If it's not supported, how might this library be extended to support these containers?

billyquith commented 7 years ago

Thanks! - Most of the effort so far has been in refactoring Boost out of the library, and now separating "uses" of the type data from the the type data itself. I'm gradually adding functionality as is required. Containers haven't really had much attention, but that doesn't mean they are going to be ignored.

Please look at the 2.1 branch if you are grokking the code. This is will shortly be in master. There isn't really a rigorous versioning system at the moment, it is really so I don't break master whilst refactoring and there is a show of progress.

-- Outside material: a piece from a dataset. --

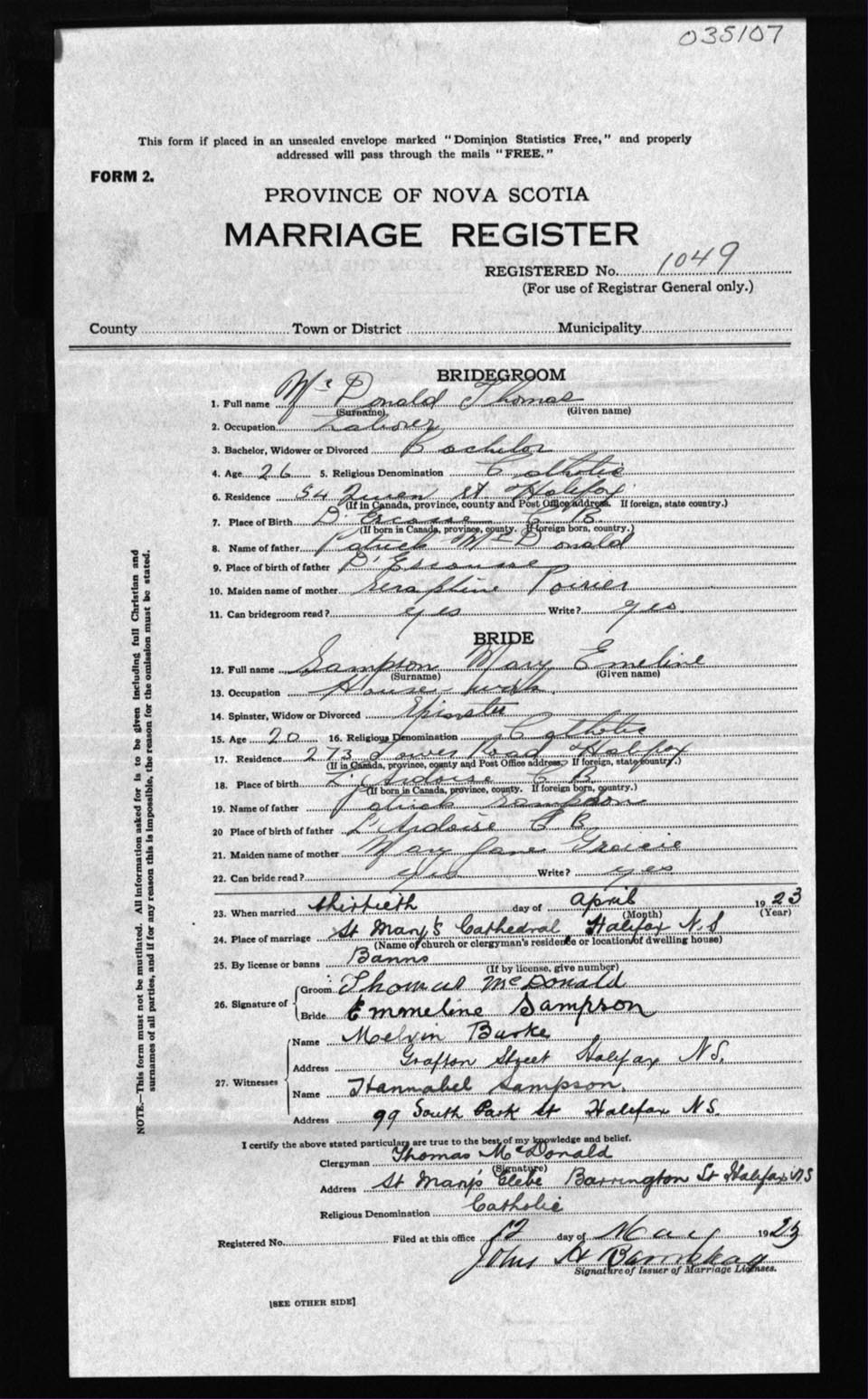 Registration: Year: 1923 number: 35107

How might the library be extended? This usually involves finding some use cases, branching, refactoring, and the arm waving and wailing when the problem becomes harder than anticipated. Then lots of ☕ and I find thinking in the 🛀 very constructive, but not ideal for meetings. 😄

A map of map of map of vectors. Hmm. Just thinking out loud... Ponder declarations require concrete types, i.e. you can't register a template. STL containers have a standard interfaces, perhaps there needs to be a utility class when you can declare a container by passing it the type it contains? This would save duplication of declarations. e.g.

ponder::stl::declareMap<K,V>();
ponder::stl::declareVector<V>();

ObjectTraits may need work.

What are you trying to do with the API, broadly speaking?

billyquith commented 7 years ago

how might this library be extended to support these containers?

You could perhaps use properties or regular class functions to access and modify your containers. These can then be declared in the usual way?